Absent any lifeless Guided By Voices covers, Elephant 6 impressions, or Trans-Siberian Orchestral interludes, Tao of the Dead adheres to a single, bombastic aesthetic, and ends up all the stronger for its relatively narrow musical range. Following the expected instrumental intro, Tao of the Dead goes loud and stays loud, maintaining its energy level throughout the rest of the record. “Pure Radio Cosplay” and “Summer of All Dead Souls,” two of the album’s more spacious tracks, lead directly into Tao’s fleet, fleeting midsection. Here, in the middle of the album, Trail of Dead sequence some of their best material, keeping those songs short enough that you wish they went longer, but also short enough that you nearly fail to notice how carefully they connect with one another. “The Wasteland” becomes “Spiral Jetty” becomes “Weight of the Sun,” each an interlocking part of a greater, greatly satisfying whole. On these shorter songs, Trail of Dead play around with different sounds, such as the Technicolor Godiego keys on “The Wasteland,” without venturing too far outside their comfort zone.

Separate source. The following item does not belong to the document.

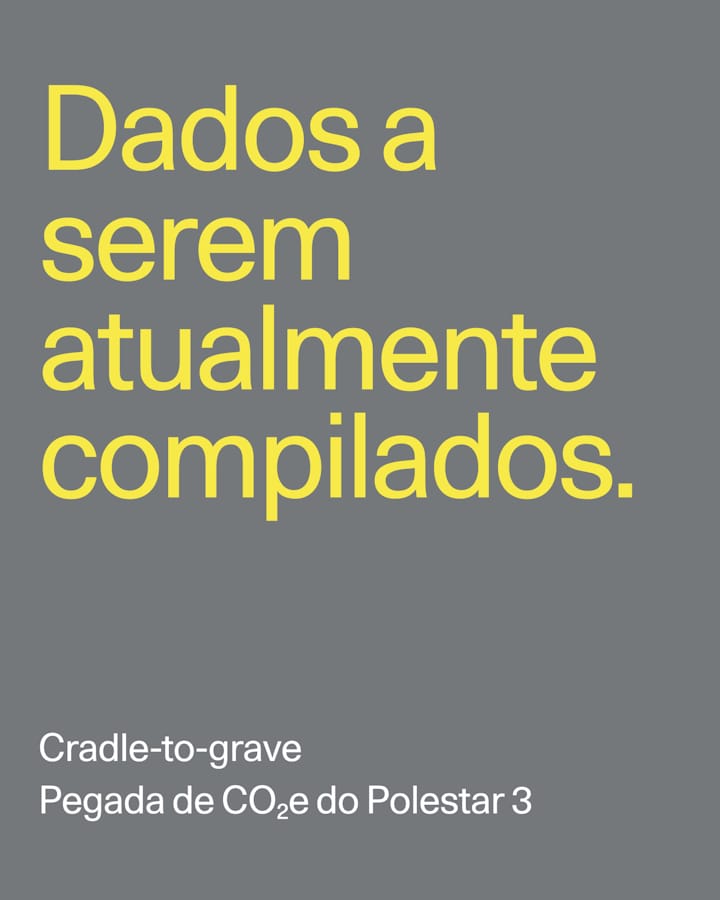 São utilizados vários materiais diferentes para fabricar um Polestar 3, por exemplo, alumínio, aço, eletrónica e plásticos. Cada categoria de material contribui para a pegada de carbono total do veículo, assim como a mistura de eletricidade usada na produção e no refinamento. O nosso objetivo é reduzir continuamente o impacto de carbono e melhorar a precisão dos nossos cálculos da pegada.

By the time Tao of the Dead culminates in a five-piece suite, thoughts of pretense and overblown excess are further from mind than expected. Each movement in “Strange News From Another Planet”clicks together, falling into place in such a way that the 16-minute-long song feels like an organic extension of the earlier majority of the album. And perhaps that’s what is most satisfying and surprising about Tao of the Dead: it’s the work of a band remembering how to be both ambitious and effortless, how to try without appearing to be trying, without self-consciously drawing attention to itself. Making no egregious concessions to potential new fans, nor to the musical trends of the past decade, Trail of Dead finally sound like a band emerging from a purgatorial state, out from underneath the shadows of their former selves.